▶ _What the task asks_:
Please write out exactly, without any picture, each line from the first in the listing through the line that includes "2022–present | Green".

▶ _Supplied material_:
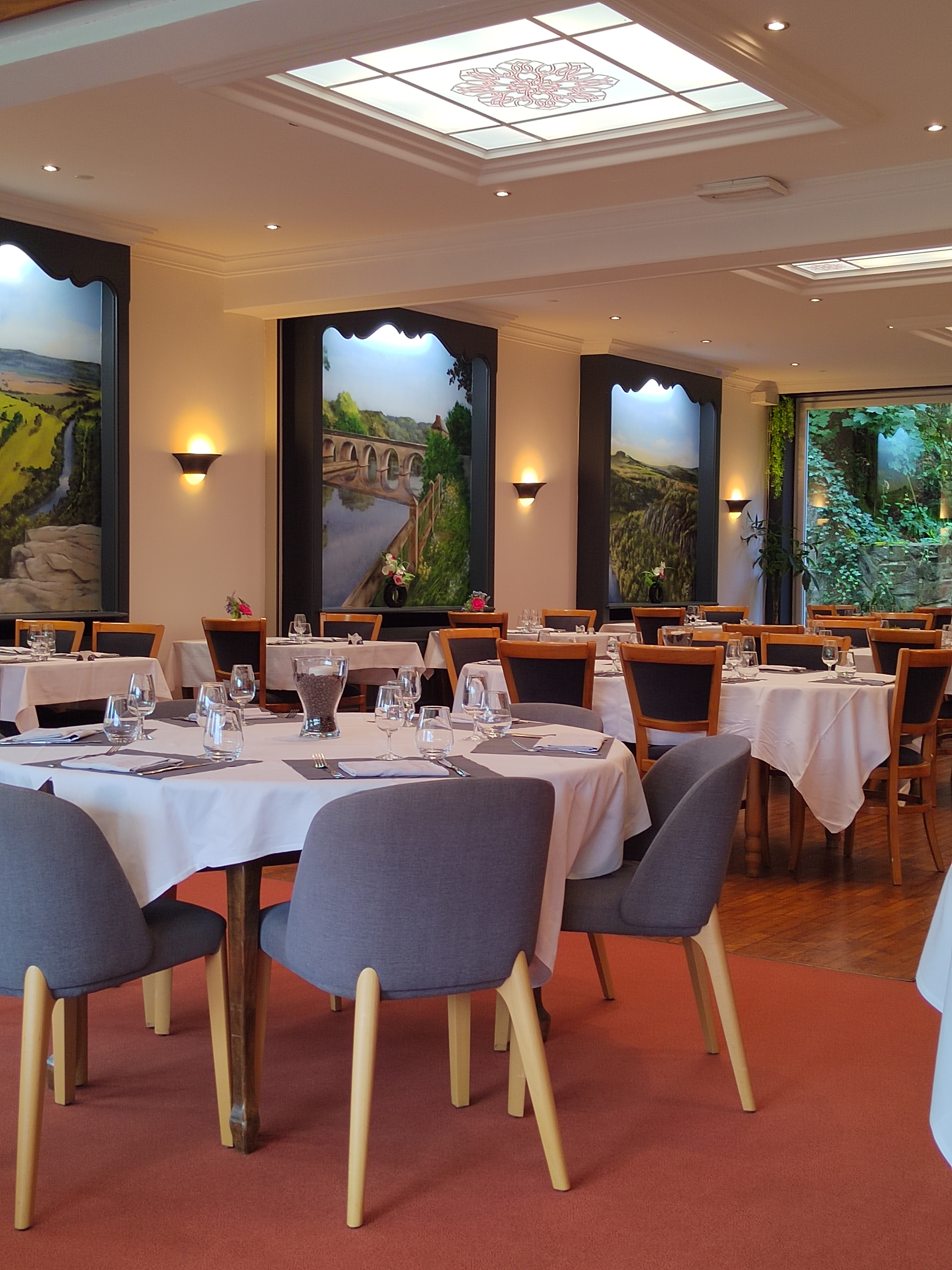 Nous avons mangé sur la terrasse par une chaude soirée de juin, avec le bruit de la rivière qui dégringolait dans nos oreilles et notre chien sous la table. Ça ne pourrait pas être mieux. Les salades et les accompagnements de coupe maison et de frites parfaitement cuites étaient tous délicieux. Avec la salade végétarienne adaptée pour mon mari végétalien. Le service, la nourriture et l'ambiance sont irréprochables. Pas de produits surgelés ici ! Nous visitons régulièrement cet excellent restaurant de campagne et n'avons jamais trouvé à redire. Le mari et la femme possédaient une auberge très familiale. Ate on the terrace on a warm June evening with the sound of the tumbling river in our ears and our dog under the table. Could not be better. The salads and side order of home cut and excellently cooked fries were all delicious. With the vegetarian salad adapted for my vegan husband. Service, food, and atmosphere could not be faulted. No frozen food goods here! We are regular visitors to this excellent country restaurant and have never been able to find fault. Husband and wife owned, a very family-friendly hostelry.
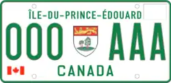 2022–present | Green letters on white baseplate; 'PRINCE EDWARD ISLAND' screened at top. Provincial crest separator in centre and small Canadian state flag in bottom left. | CANADA | 123★ABC | Default version for Anglophone Prince Edward Islanders.[3] | |
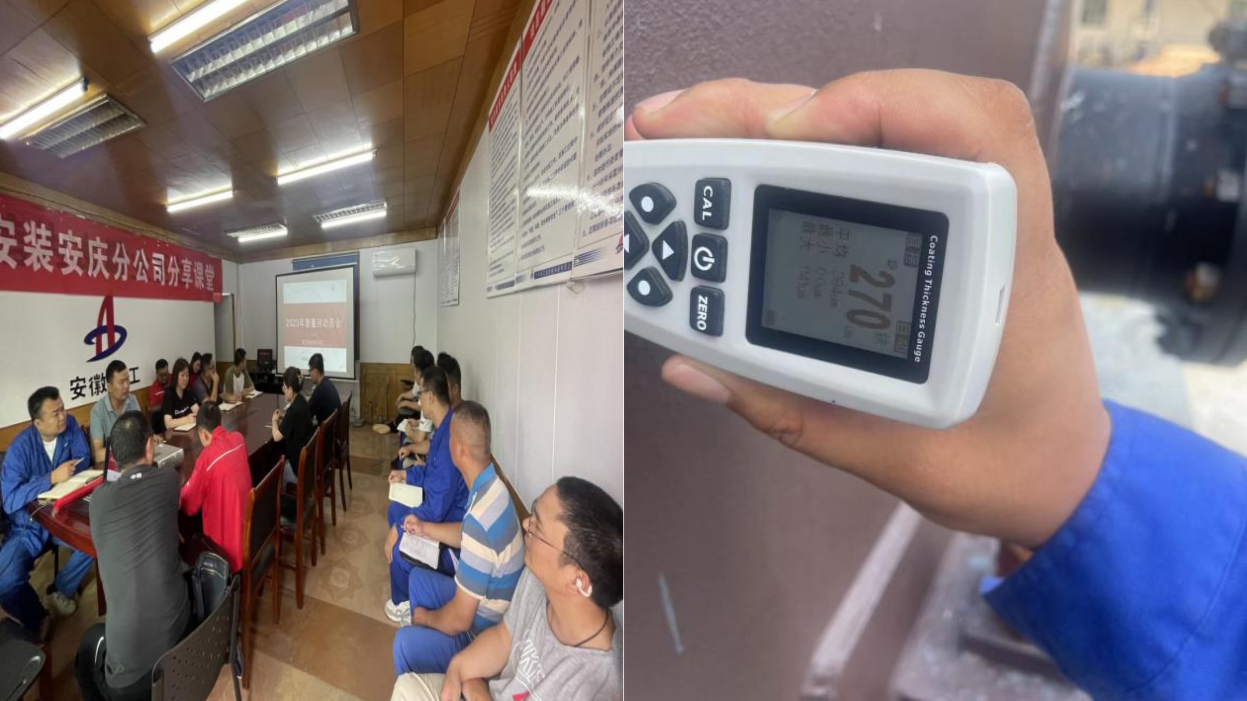 安慶分公司組織機關(guān)及所屬項目舉行“質(zhì)量月”動(dòng)員會(huì ),安慶石化循環(huán)水項目開(kāi)展儲罐防腐保溫專(zhuān)項檢查(檢查中間漆涂層厚度)

▶ _Result of the task_:
 Nous avons mangé sur la terrasse par une chaude soirée de juin, avec le bruit de la rivière qui dégringolait dans nos oreilles et notre chien sous la table. Ça ne pourrait pas être mieux. Les salades et les accompagnements de coupe maison et de frites parfaitement cuites étaient tous délicieux. Avec la salade végétarienne adaptée pour mon mari végétalien. Le service, la nourriture et l'ambiance sont irréprochables. Pas de produits surgelés ici ! Nous visitons régulièrement cet excellent restaurant de campagne et n'avons jamais trouvé à redire. Le mari et la femme possédaient une auberge très familiale. Ate on the terrace on a warm June evening with the sound of the tumbling river in our ears and our dog under the table. Could not be better. The salads and side order of home cut and excellently cooked fries were all delicious. With the vegetarian salad adapted for my vegan husband. Service, food, and atmosphere could not be faulted. No frozen food goods here! We are regular visitors to this excellent country restaurant and have never been able to find fault. Husband and wife owned, a very family-friendly hostelry.
 2022–present | Green letters on white baseplate; 'PRINCE EDWARD ISLAND' screened at top. Provincial crest separator in centre and small Canadian state flag in bottom left. | CANADA | 123★ABC | Default version for Anglophone Prince Edward Islanders.[3] | |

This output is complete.